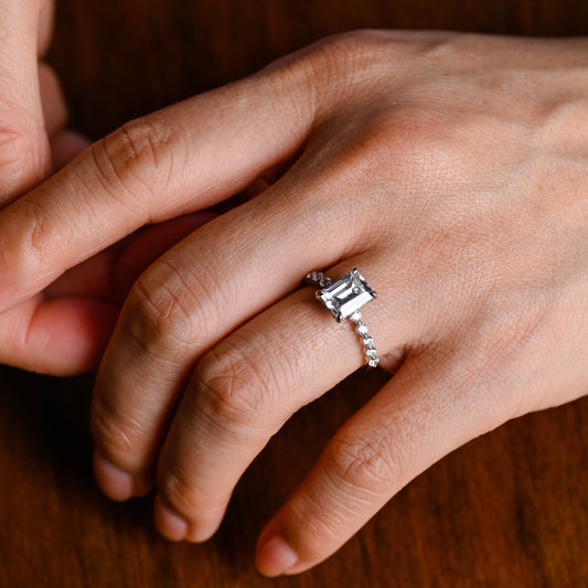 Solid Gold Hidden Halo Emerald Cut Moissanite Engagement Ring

· · ·

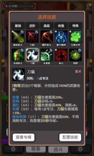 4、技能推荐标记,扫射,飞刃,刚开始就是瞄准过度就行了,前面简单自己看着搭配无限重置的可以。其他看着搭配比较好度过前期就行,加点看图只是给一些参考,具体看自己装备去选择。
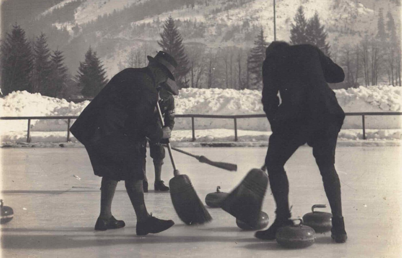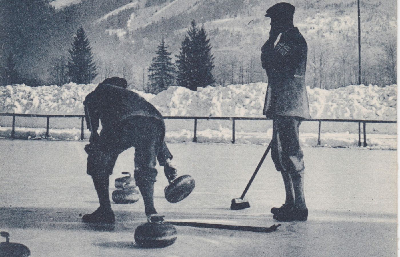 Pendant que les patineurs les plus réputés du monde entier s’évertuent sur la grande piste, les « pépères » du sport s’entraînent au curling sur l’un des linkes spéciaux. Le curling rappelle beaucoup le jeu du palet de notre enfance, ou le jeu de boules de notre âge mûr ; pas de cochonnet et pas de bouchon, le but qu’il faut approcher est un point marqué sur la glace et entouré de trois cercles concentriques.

· · ·

In the entries above, find the line that contains "4、技能推荐标记,扫射,飞刃" and the line that contains "Pendant que les". Reproduce exactly those two lines and every line between them, but not the pictures.

 4、技能推荐标记,扫射,飞刃,刚开始就是瞄准过度就行了,前面简单自己看着搭配无限重置的可以。其他看着搭配比较好度过前期就行,加点看图只是给一些参考,具体看自己装备去选择。
 Pendant que les patineurs les plus réputés du monde entier s’évertuent sur la grande piste, les « pépères » du sport s’entraînent au curling sur l’un des linkes spéciaux. Le curling rappelle beaucoup le jeu du palet de notre enfance, ou le jeu de boules de notre âge mûr ; pas de cochonnet et pas de bouchon, le but qu’il faut approcher est un point marqué sur la glace et entouré de trois cercles concentriques.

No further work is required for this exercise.